I hope that anyone who's preparing for a TT (or considering it) will read my story and be encouraged - I have no doubt that some people have had less-than-ideal experiences but I am happy to say that that's definitely not a guarantee! I'm hoping that I continue to feel well as I learn to live on Synthroid, and I'm happy that my endocrinologist supports the use of Cytomel and Armour should I feel like I need it in the future. I'd say the key to my successful experience is having a really great endo who I trust and a really experienced surgery team. I know that not everyone lives in NYC and has such access to top-of-the-line physicians, but I'd really encourage the trip to a major city, especially for the surgery.
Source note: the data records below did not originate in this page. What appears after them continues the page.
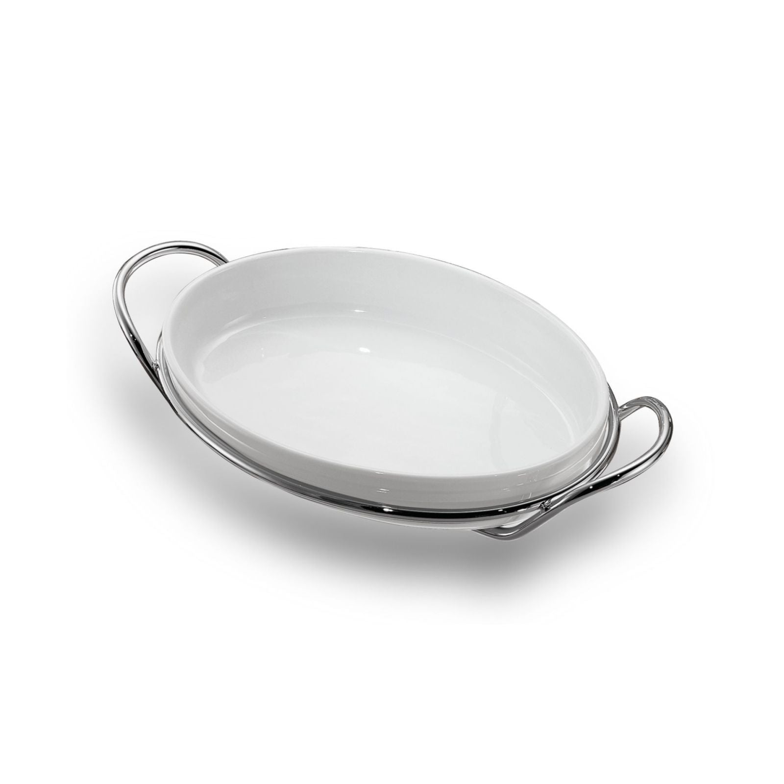 Oval Porcelain Baking Dish with finishing plated silver color. The excellent quality of the porcelain makes this baking dish perfect for cooking at any temperature. It also preserves food in the fridge. This is a must have to serve elegantly.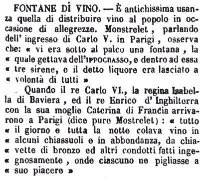 | Fontane di vino - E' antichissima usanza quella di distribuire vino al popolo in occasione di allegrezze. Monstrelet, parlando dell'ingresso di Carlo V. in Parigi, osserva che: «vi era sotto al palco una fontana, la quale gettava dell'ippocrasso, e dentro ad essa tre sirene, e il detto liquore era lasciato a volontà di tutti»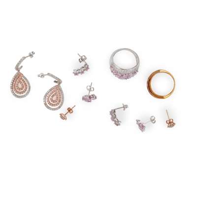to include a 9ct white gold diamond and pink sapphire dress ring, a 9ct yellow gold pink sapphire half eternity ring; a pair of 9ct white gold heart-shaped pink sapphire cluster earrings, a pair of diamond cluster earrings, stamped 9k; a pair of diamond pendent earrings, stamped 925 and a pair of pink sapphire earrings, stamped 925

Good luck, and I'm happy to answer any specific questions if anyone has them!


----------



## joplin1975 (Jul 21, 2011)

That's great!! Just remember to pamper yourself and remember that the infamous crash can certainly happen a week or two out. If it doesn't? AWESOME! If it does? You'll still be better off in the long run...it just takes time for those adjustments to sort themselves out. 
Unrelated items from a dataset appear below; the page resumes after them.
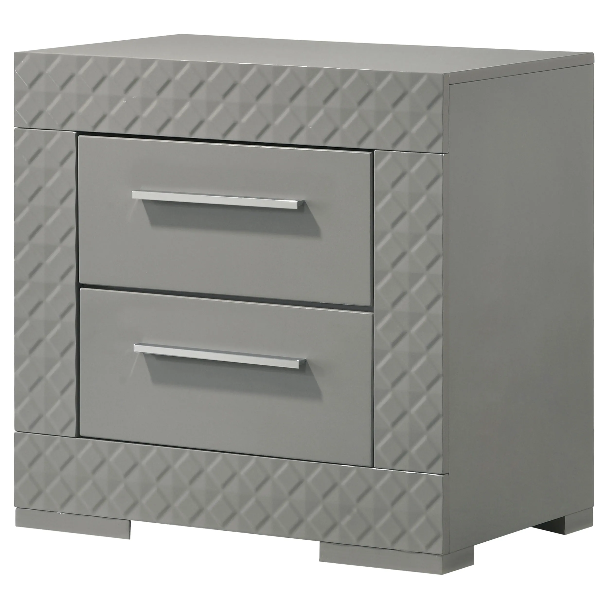 Ives 2-drawer Nightstand Bedside Table Grey High Gloss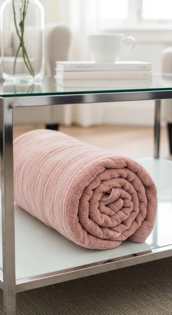 Roll a blush throw and place it on the lower shelf of a silver coffee table. This adds warmth without crowding the tabletop. Keep the roll loose so the texture remains visible. Add a small basket or a few books beside it. For a cost-friendly version, use a lightweight blush blanket. This setup is great for minimalist spaces where you want small touches of softness.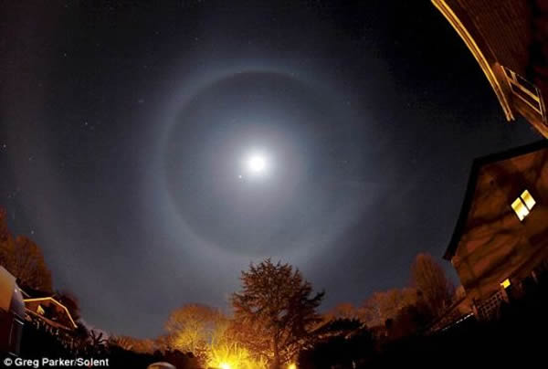 今年57岁的格雷格-帕克教授2日在新福里斯特的自家花园里,利用造价1万英镑(1.56万美元)的天文台捕捉到十分罕见的“月晕”图片。

So so glad you had a great experience!


----------



## Octavia (Aug 1, 2011)

Thanks for posting, Liz, and welcome! It's always great to hear the good experiences because, as you mentioned, there are so many stories on the 'net about the bad experiences. But you're right...the people who are doing well generally don't spend time on the internet writing about it.
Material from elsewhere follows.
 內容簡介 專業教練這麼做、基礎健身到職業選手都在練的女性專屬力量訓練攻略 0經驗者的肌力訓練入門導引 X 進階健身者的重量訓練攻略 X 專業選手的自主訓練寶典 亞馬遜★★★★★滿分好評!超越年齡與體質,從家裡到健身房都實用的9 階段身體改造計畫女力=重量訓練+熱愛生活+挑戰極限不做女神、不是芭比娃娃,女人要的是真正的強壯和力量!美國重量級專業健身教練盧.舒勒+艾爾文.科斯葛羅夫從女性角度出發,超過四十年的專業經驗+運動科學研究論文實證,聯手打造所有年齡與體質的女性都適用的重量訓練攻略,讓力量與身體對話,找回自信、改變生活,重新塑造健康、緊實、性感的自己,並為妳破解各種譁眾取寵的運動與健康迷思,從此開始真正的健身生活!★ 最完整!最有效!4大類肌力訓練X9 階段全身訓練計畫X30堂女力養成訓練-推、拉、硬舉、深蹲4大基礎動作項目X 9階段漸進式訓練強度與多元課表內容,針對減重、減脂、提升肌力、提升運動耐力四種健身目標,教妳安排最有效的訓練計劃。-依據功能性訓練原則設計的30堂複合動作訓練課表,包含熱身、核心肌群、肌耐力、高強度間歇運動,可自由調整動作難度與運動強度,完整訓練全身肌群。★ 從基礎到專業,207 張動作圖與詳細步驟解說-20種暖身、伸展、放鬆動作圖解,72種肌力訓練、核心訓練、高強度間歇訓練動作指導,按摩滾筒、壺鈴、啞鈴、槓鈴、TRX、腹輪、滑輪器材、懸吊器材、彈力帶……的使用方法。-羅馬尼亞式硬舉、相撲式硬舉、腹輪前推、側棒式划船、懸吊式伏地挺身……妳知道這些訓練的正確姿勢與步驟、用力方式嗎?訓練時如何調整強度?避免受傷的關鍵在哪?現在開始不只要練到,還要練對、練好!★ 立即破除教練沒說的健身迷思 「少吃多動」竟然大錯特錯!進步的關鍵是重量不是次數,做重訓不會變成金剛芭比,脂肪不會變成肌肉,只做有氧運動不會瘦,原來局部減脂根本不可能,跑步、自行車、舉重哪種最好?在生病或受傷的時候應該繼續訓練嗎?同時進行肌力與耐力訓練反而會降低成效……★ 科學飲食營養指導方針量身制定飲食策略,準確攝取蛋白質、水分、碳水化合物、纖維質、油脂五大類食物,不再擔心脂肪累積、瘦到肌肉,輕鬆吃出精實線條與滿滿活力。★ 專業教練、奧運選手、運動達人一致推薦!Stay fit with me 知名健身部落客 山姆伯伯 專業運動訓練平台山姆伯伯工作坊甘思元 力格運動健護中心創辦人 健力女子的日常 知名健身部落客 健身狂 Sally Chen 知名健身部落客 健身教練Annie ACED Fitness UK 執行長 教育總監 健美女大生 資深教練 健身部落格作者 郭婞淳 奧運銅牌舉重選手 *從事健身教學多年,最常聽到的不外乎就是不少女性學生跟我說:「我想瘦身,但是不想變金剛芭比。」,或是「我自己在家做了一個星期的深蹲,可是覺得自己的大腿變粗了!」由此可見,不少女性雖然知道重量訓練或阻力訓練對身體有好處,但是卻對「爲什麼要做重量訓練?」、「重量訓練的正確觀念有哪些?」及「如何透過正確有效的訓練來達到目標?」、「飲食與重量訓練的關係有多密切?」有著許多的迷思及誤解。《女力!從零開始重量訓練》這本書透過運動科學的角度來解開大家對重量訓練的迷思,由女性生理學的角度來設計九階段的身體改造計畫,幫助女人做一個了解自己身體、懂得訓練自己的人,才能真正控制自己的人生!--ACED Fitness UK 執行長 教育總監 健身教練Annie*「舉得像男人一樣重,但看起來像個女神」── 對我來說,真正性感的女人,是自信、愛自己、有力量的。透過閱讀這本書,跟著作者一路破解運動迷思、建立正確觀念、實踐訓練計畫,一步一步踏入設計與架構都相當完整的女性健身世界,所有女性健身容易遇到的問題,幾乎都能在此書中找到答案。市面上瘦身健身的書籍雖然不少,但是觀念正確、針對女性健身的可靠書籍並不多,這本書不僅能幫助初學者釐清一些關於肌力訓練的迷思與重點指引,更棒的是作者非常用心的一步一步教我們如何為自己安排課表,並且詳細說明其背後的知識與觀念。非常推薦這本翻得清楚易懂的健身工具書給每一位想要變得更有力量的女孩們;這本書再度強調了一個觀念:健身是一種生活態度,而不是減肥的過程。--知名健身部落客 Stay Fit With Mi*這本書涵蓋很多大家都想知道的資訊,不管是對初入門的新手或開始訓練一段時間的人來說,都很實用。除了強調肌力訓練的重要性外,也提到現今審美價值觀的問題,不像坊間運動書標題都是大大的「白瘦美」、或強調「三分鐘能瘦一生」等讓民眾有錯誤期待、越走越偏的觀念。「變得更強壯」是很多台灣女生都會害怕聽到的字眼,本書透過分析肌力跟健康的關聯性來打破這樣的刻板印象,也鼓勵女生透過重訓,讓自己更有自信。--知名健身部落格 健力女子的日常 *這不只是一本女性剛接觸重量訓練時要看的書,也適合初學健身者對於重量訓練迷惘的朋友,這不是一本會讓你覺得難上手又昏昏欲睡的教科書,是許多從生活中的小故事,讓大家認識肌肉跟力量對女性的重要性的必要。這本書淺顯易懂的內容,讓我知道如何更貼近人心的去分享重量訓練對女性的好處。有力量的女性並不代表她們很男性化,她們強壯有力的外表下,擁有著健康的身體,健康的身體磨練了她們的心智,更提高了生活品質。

Regarding the calcium pills - geez, that has bothered me since my surgery--why are they so darn big? For a while, I was buying the gummies, but I felt like I should really be a big girl and take the pills. So I finally asked my pharmacist, and she showed me CITRACAL PETITES. Holy buckets, I wish I had known about them sooner! They're half the size of the horse pills!


----------



## LizLemonade (Jan 4, 2013)

Thanks, Joplin & Octavia! Very good to know about a potential "crash" and about the smaller calcium pills - I appreciate it!


----------



## jsgarden1 (Aug 29, 2009)

Liz, thank you so much for posting your surgery details....it makes a person like me, who is scheduled 4/16 breath a lot easier! I am SO glad you are doing well!!! Congrats on such a successful surgery!


----------



## LizLemonade (Jan 4, 2013)

Best of luck with your surgery, jsgarden! Oh, the one thing I didn't write in my initial post is a hilariously simple one but something I wish I had been told: make sure you buy bendy straws to have on hand after the surgery. It didn't cross my mind that I wouldn't be able to tilt my head back to take pills for a few days!


----------



## jsgarden1 (Aug 29, 2009)

LizLemonade said:


> Best of luck with your surgery, jsgarden! Oh, the one thing I didn't write in my initial post is a hilariously simple one but something I wish I had been told: make sure you buy bendy straws to have on hand after the surgery. It didn't cross my mind that I wouldn't be able to tilt my head back to take pills for a few days!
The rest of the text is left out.